Many people ask how they might serve the Lord, not knowing what their capabilities are; or if they might be able to afford to go on missions; or if they are even able to do what is needed to help the Church to grow and fill the earth. FamilySearchIndexing.Org is a program of the Church that invites all people (members and friends of another faith alike) to participate in a service project of “lifetimes”.collecting and indexing information from records about the ancestors of the peoples of the world, that will be made available to everyone, for free, so people everywhere can find their forgotten forbears.

The Family History Library has a goal to digitize the records of its vast collection of microfilm and other resources over the next ten to fifteen years; and not only digitize, but also index these records. Their goal is to make the records of the World accessible and useable for all people through the efforts of world wide volunteers.

Participation in this service is free, and does not even require leaving home. You can do it in your pajamas when you awake in the morning or before going to bed; or anytime during the day. To participate, go onto the Internet on your home computer, and enter the address Here you can register, and receive instructions and training, regarding one of the many record collections being worked on by the volunteers. Brother David Cates, a supervisor in a Utah stake Family Search Indexing Program stated, “Our volunteers are involved with indexing a variety of records including censuses and vital records throughout the United States and even in the Spanish Language.” The FamilySearchIndexing.Org website shows recent indexing projects from other locals, that have included the 1920 U.S. Census, Louisiana Death Records 1850-1954, and Idaho Death Records 1911-1937, as well as records in every habitable continent.
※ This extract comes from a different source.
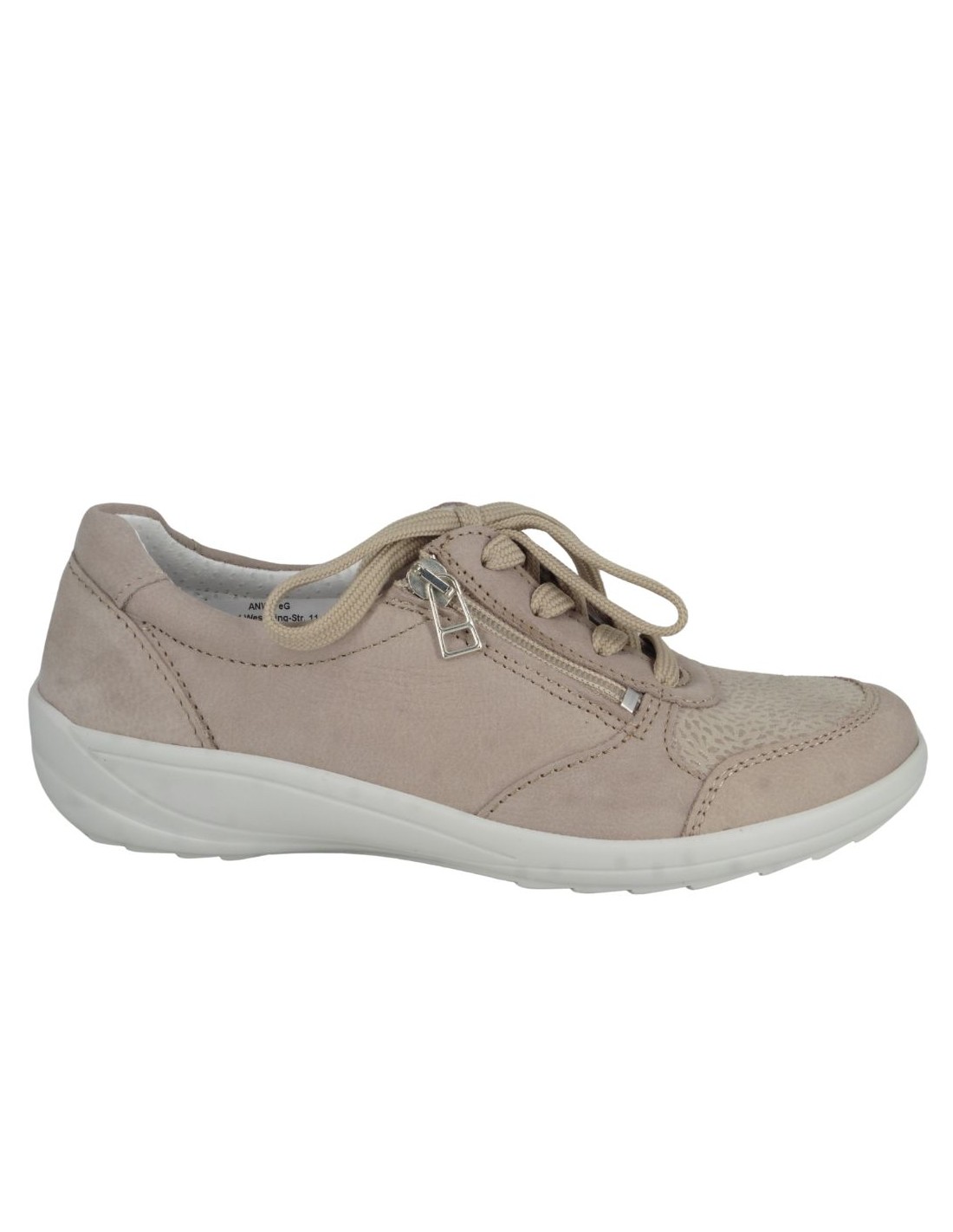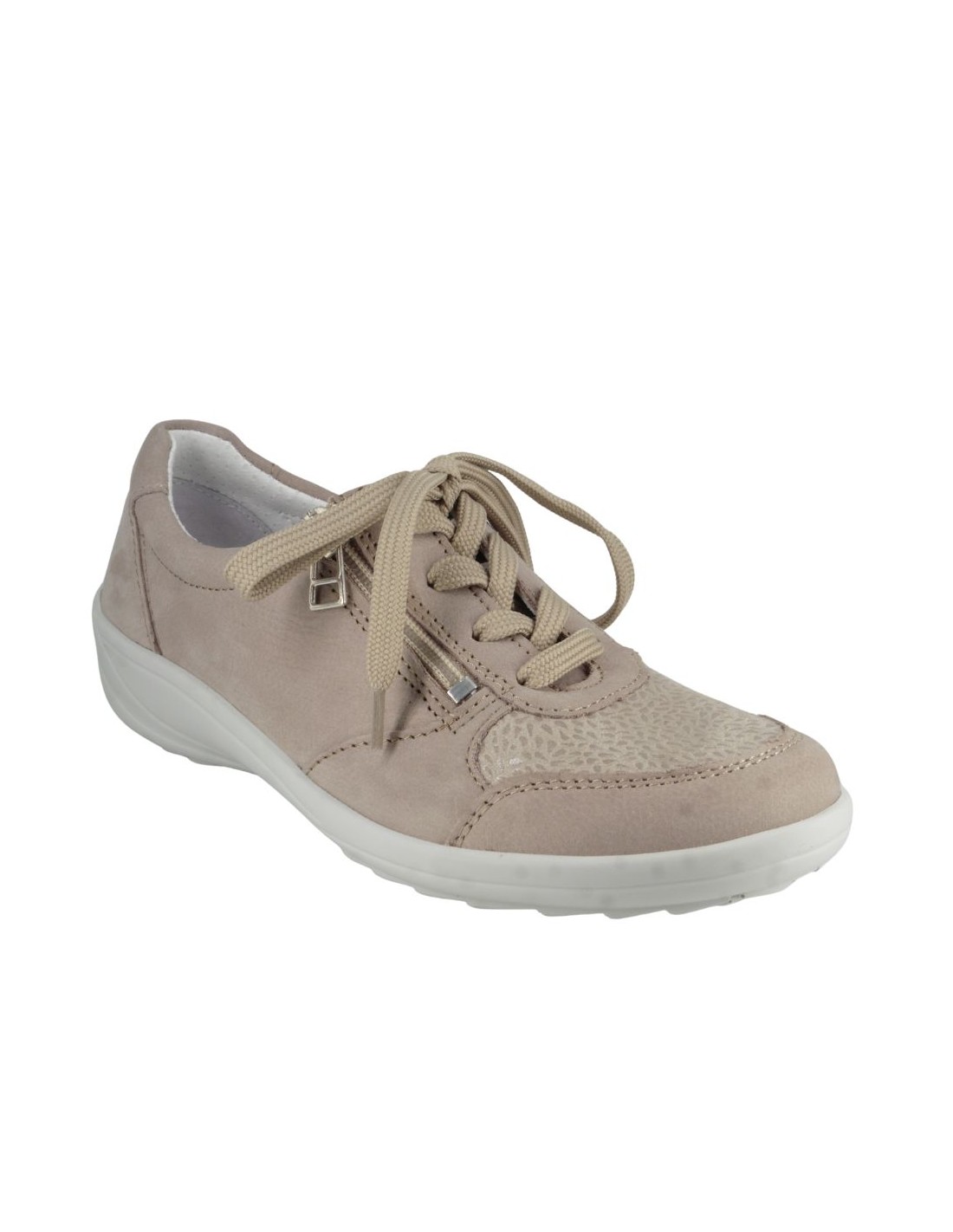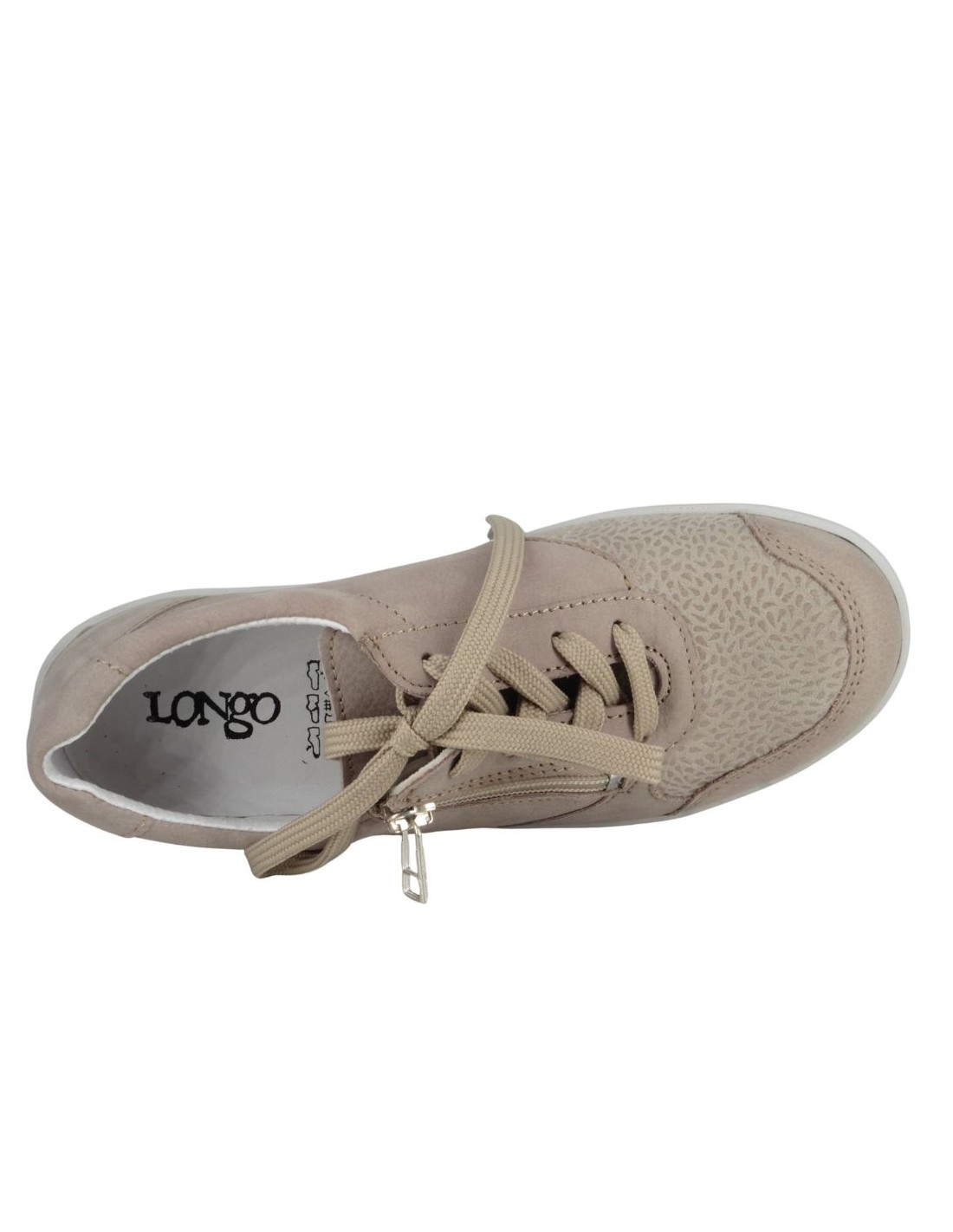 Cette basket 6734 en cuir nubuck beige de la marque LONGO est un modèle aussi élégant que confortable. Dotée de lacets et d'un zip latéral pratique, elle assure un excellent maintien du pied tout en facilitant l'enfilage. Son design sport-ville tendance s?adapte à toutes les occasions, que ce soit pour une balade en ville ou une longue journée de marche. Vous serez séduite par sa souplesse et l?amorti exceptionnel de sa semelle. De plus, sa semelle intérieure est amovible, offrant un confort personnalisé et la possibilité d?y insérer une semelle orthopédique si nécessaire.

Over six million new records from many countries and languages of the world were added to the Record Search of on June 15th, 2009 through the efforts of these wonderful volunteers. This amazing feat of genealogy research and record keeping is part of that “marvelous work” spoken of.

Michael Quinn and his family are no longer lost; they were found this week because of the efforts of thousands of dedicated individuals giving their time and efforts to this indexing service. Who will be found next? Maybe your elusive ancestor; or maybe you will help your neighbors and families find their lost loved ones.

“Remember, if ye have desires to serve God, Ye are called to the work.”